DESCRIPTION OF REFERENCE NUMERALS

- 10, 10′: BASE STEEL SHEET
- 20: ALUMINUM-BASED PLATING LAYER
- 30, 30′: Al-Fe-BASED INTERMETALLIC ALLOY LAYER
- 40: WELD METAL PORTION

Claims

1. A method for manufacturing a tailor welded blank using a steel sheet for hot pressing having an Al-Fe-based intermetallic alloy layer formed thereon is provided, the method including operations of:

preparing a plated steel sheet having a base steel sheet and an aluminum-based plating layer formed on one surface or both surfaces of the base steel sheet;

heat-treating the plated steel sheet so that the aluminum-based plating layer becomes an Al-Fe-based intermetallic alloy layer; and

subjecting the heat-treated plated steel sheet to butt welding,

wherein, before the welding, a portion or an entirety of the Al-Fe-based intermetallic alloy layer located in a region to be welded is removed.

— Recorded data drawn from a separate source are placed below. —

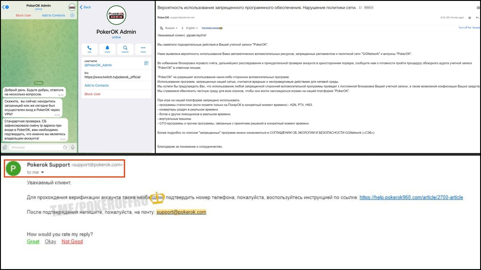 Из-за этого для русскоязычных игроков в последние 5 лет основная часть фишинговых писем и сообщений представлена подделками под рассылки или сообщения службы поддержки ПокерОК.
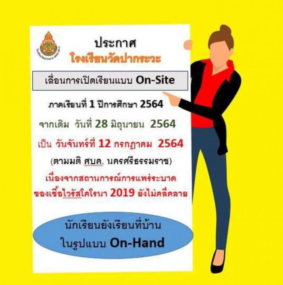 มติ ศบค.นครศรีธรรมราช วันที่ 22 มิถุนายน 2564 เห็นชอบให้เลื่อนการเปิดเรียน On-Site (การมาเรียนที่โรงเรียน) ภาคเรียนที่ 1 ปีการศึกษา 2564 เป็นครั้งที่ 2 จากเดิมให้เปิดเรียน On-Site ในวันจันทร์ที่ 28 มิถุนายน 2564 ให้เลื่อนเป็นเปิดเรียนวันจันทร์ที่ 12 กรกฎาคม 2564 เนื่องจากสถานการณ์โควิด 19 ในจังหวัดนครศรีธรรมราช ยังไม่ดีขึ้น S:0
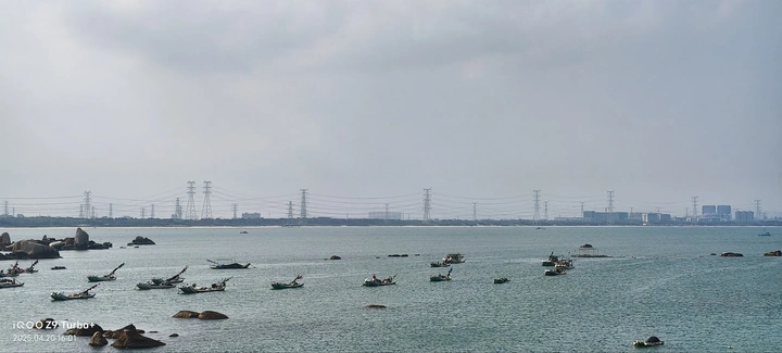 浅青色的海面被微风揉出细碎的波纹,像一块被阳光暖透的绿玉。近岸的渔船三三两两,在浪里自在地晃着,船舷上的红漆在灰蒙天色里格外鲜亮。 它们不像在等待出海,更像一群慵懒的旅人,正枕着潮汐打盹。偶尔有白鹭掠过水面,翅膀带起的涟漪,会轻轻拍打着黑色礁石,发出细碎的声响。
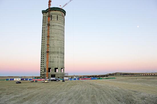由于尿素造粒塔造粒工藝需求,其塔頂高度普遍 較高,部分塔頂除塵裝置排放口距地面超過100m,且由于塔形結(jié)構(gòu),其頂部平臺空間小,檢修不便、風(fēng) 力載荷大。造粒工藝冷卻風(fēng)量較大,其每1萬t的年產(chǎn)能,對應(yīng)冷卻煙氣風(fēng)量為1.5萬~ 2.0萬m3/h。一 座40萬t/a規(guī)模的尿素造粒塔高溫天氣下冷卻風(fēng)量達 到80萬m3/h,較端高溫高濕情況下其冷卻風(fēng)量還可能更高。
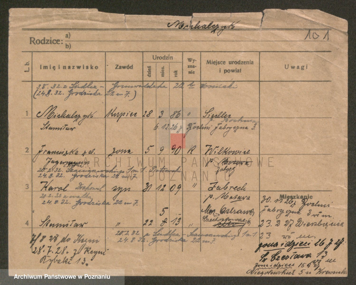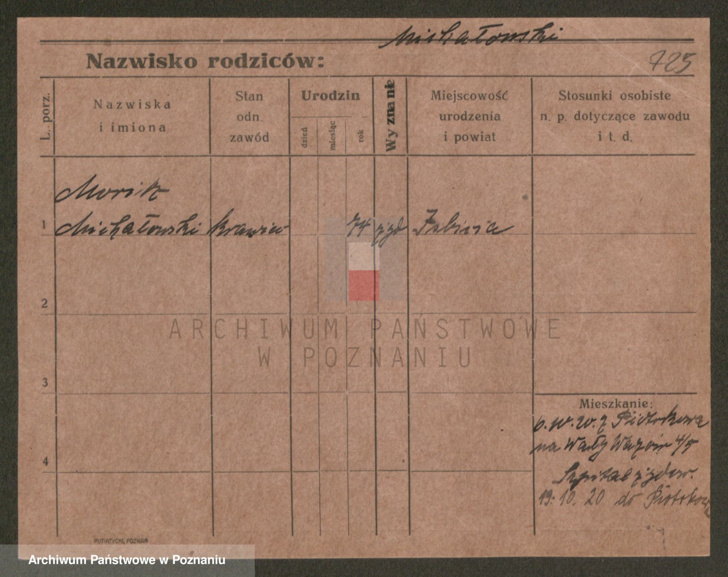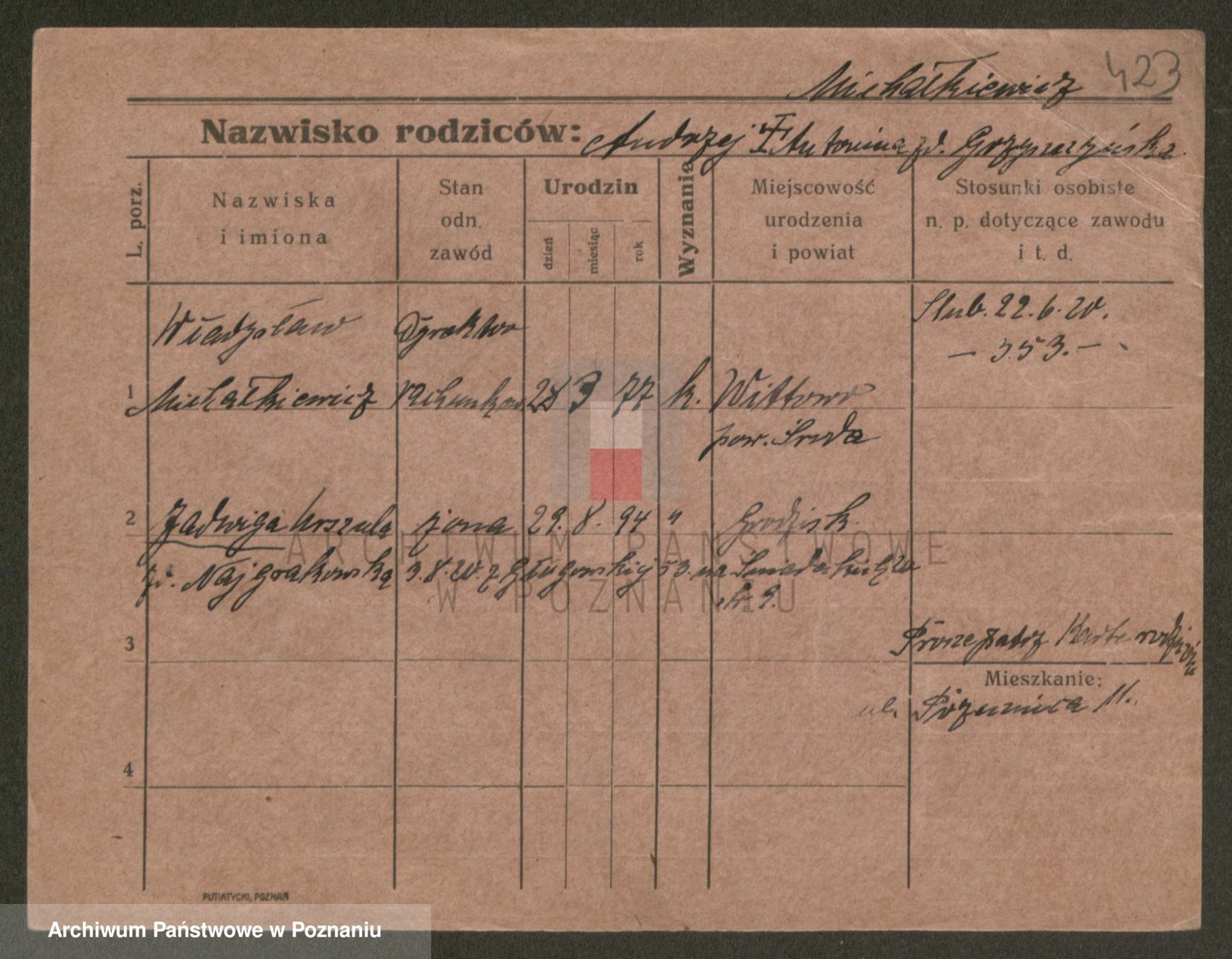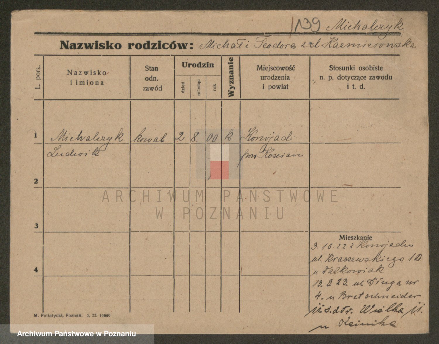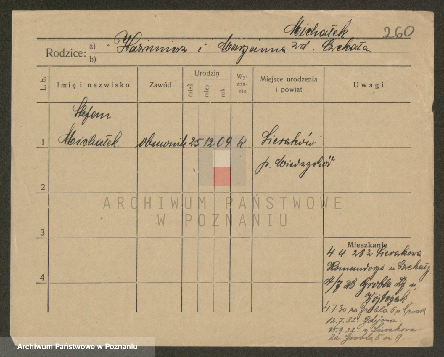 Podgląd karty osobowej dostępny jest po kliknięciu na nazwisko lub ikonkę karty. Można dokonywać powiększenia (ikony na górze) lub przechodzić między kolejnymi skanami (strzałki po bokach).

2. The method for manufacturing a tailor welded blank using a steel sheet for hot pressing having an Al-Fe-based intermetallic alloy layer formed thereon of claim 1, wherein the aluminum-based plating layer further comprises Si.

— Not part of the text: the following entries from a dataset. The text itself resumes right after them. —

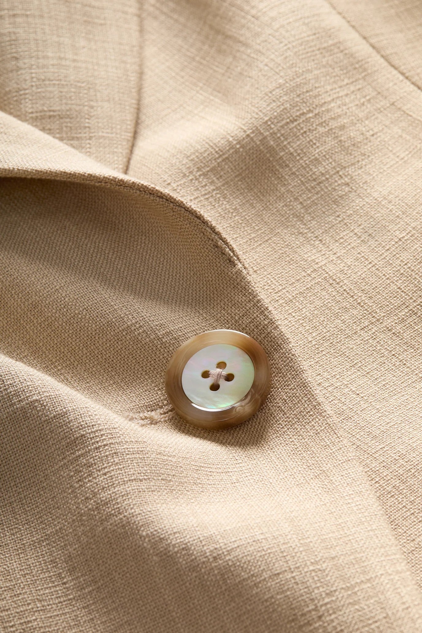 The Battista in khaki will quickly become your new go-to, thanks to its sleek look and impeccable fit. Expertly tailored from a premium stretch blend, this blazer jacket features a classic single-breasted silhouette and pre-ruched sleeves that add an element of nonchalance. Dress it down with jeans or pair with the matching pant for a modern update on the power pantsuit.
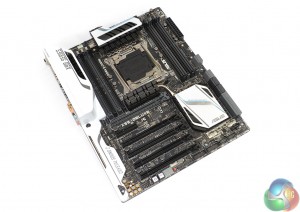 The Asus X99 Deluxe motherboard's most striking design feature is glaringly evident; Asus takes a bold risk and outfits the X99 Deluxe with a black and white colour scheme. I must admit that I am typically a fan of black and white, although I also know how easily it can be ruined.
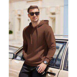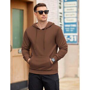 Coofandy Men Brown Pullover Long Sleeve Drawstring Gym Hoodies Sweatshirt
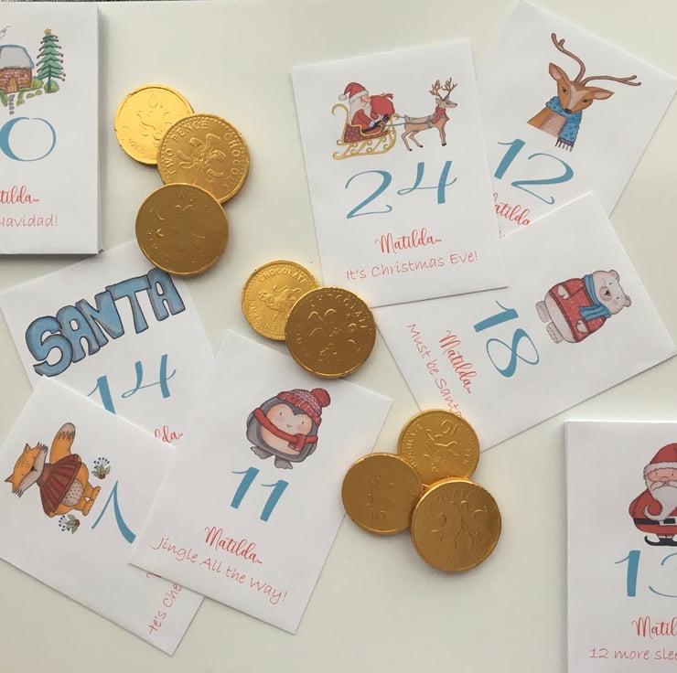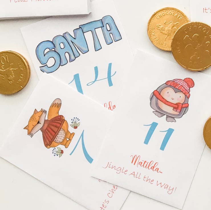24 personalised advent calendar envelopes each with a different Christmas saying and finished with a personalised sticker to seal the back of each envelope. These envelopes are so fab as they give you the flexibility to really have some fun with the little daily treats Advent Calendars provide in the run up to Christmas. Full with chocolate coins, sweeties, key rings, small jewellerey items, make up - the options are endless!

3. The method for manufacturing a tailor welded blank using a steel sheet for hot pressing having an Al-Fe-based intermetallic alloy layer formed thereon of claim 1, wherein the Al-Fe-based intermetallic alloy layer is comprised of a first layer and a second layer,

the first layer including at least one of FeAl and Fe3Al,

the second layer including Fe2Al5.

4. The method for manufacturing a tailor welded blank using a steel sheet for hot pressing having an Al-Fe-based intermetallic alloy layer formed thereon of claim 2, wherein the Al-Fe-based intermetallic alloy layer is comprised of a first layer and a second layer,

the first layer including at least one of FeAl and Fe3Al,

the second layer including at least one of Fe2A15 and A12Fe3Si3.

5. The method for manufacturing a tailor welded blank using a steel sheet for hot pressing having an Al-Fe-based intermetallic alloy layer formed thereon of claim 1, wherein a temperature during the heat-treatment is less than Ac1.

6. The method for manufacturing a tailor welded blank using a steel sheet for hot pressing having an Al-Fe-based intermetallic alloy layer formed thereon of claim 1, wherein, after removing a portion of the Al-Fe-based intermetallic alloy layer, a remaining Al-Fe-based intermetallic alloy layer has a thickness of 10 μm or less.

7. The method for manufacturing a tailor welded blank using a steel sheet for hot pressing having an Al-Fe-based intermetallic alloy layer formed thereon of claim 1, wherein a width of the removed Al-Fe-based intermetallic alloy layer is Wb/2 to Wb (mm),

where, Wb refers to an average width of a weld metal zone of the tailor welded blank obtained after welding.

8. The method for manufacturing a tailor welded blank using a steel sheet for hot pressing having an Al-Fe-based intermetallic alloy layer formed thereon of claim 1, wherein, after the butt welding, a hot press forming process is additionally performed.